3. Desirability of the role
Difficulty in attracting new drivers, particularly younger ones, is another key cause of the lorry driver shortage. Long hours spent on the road, with drivers often far from home, even when off duty and physical demands can make the lifestyle of an HGV driver less desirable to some. Additionally, the role is not typically very highly regarded – the UK government classifies it as an ‘unskilled job’ – making it less aspirational as a career choice.
4. Additional factors: Covid-19 and Brexit
Although the impact of these events was most acute from 2020-2022, the ripple effects on the industry may still be felt. During the Covid-19 crisis, the demand for consumer goods, particularly those that could be delivered directly to a customer’s home, skyrocketed, requiring a greater number of drivers on the roads. At the same time, there was a significant backlog in driving tests and any licence-related administration, as the DVLA operated on minimum staff. The National Office of Statistics found that the number of driving tests in 2020 was the lowest in over a decade. Additionally, many older drivers opted for early retirement at this time due to health concerns related to the virus. When Britain officially left the EU at the beginning of 2020, drivers from EU countries automatically lost the right to come to the UK to live and work. It is estimated that around 20,000 lorry drivers who are EU nationals have left the UK since Brexit.
What can be done?
The future of employing lorry drivers does not need to be as bleak as the picture painted by the current recruitment and retention crisis – there are plenty of potential solutions that could be implemented. Below are a few ideas that industry experts have proposed.

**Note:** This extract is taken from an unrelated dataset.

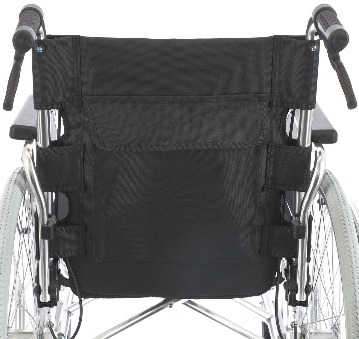 Na vozíku se nacházejí rukojeti s brzdami pro doprovod na zastavení invalidního vozíku. Vozík má i přítlačnou brzdu.
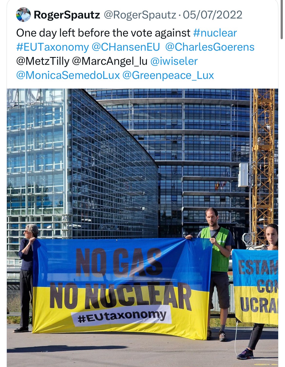 Bolstered by their success, their antics continue to this day. In 2022, when nuclear plants were keeping the lights on while Russian missiles targeted the energy grid in Ukraine, Greenpeace saw an opportunity to use the crisis to lobby against the inclusion of nuclear in the EU’s green taxonomy. In fact, amidst the war, the Ukrainian government had publicly confirmed its commitment to those same power plants, since for Ukrainians, they were the difference between heating their homes and freezing to death in sub-zero winters. This did not matter to the activists.

- Increasing pay and benefits packages. Higher earning potential and better benefits are often one of the fastest ways to attract new talent to any sector. However, the industry may need to consider the potential impacts of increasing wages on businesses and consumers.
- Investing in training. Skills bootcamps are a government initiative to attract more lorry drivers to the profession by offering several months of specialised training and required licencing tests free of charge. Additionally, private companies could prioritise upskilling to help current employees advance their careers, which may also make the profession more appealing to new talent.
- Reforming the rail network. The new Labour government has proposed plans to renationalise the UK’s railways. Increased investment in restoring and expanding the rail network could reduce the number of lorry journeys needed by shifting more freight to rail. This could also help the country meet its environmental targets.
- Autonomous/self-driving lorries. Although the industry is still in its infancy, self-driving vehicles could eventually transform the UK’s roads, significantly reducing both the number of HGV drivers needed and the long hours currently required in the profession.
The UK’s road haulage industry faces a complex and ongoing driver shortage that requires innovative solutions to meet the challenges. Looking to the future, addressing low wages, improving working conditions, investing in training and the rail network and utilising technology could all help to mitigate the crisis. Without intervention, the supply chain risks further disruption, with a domino effect on businesses and consumers alike.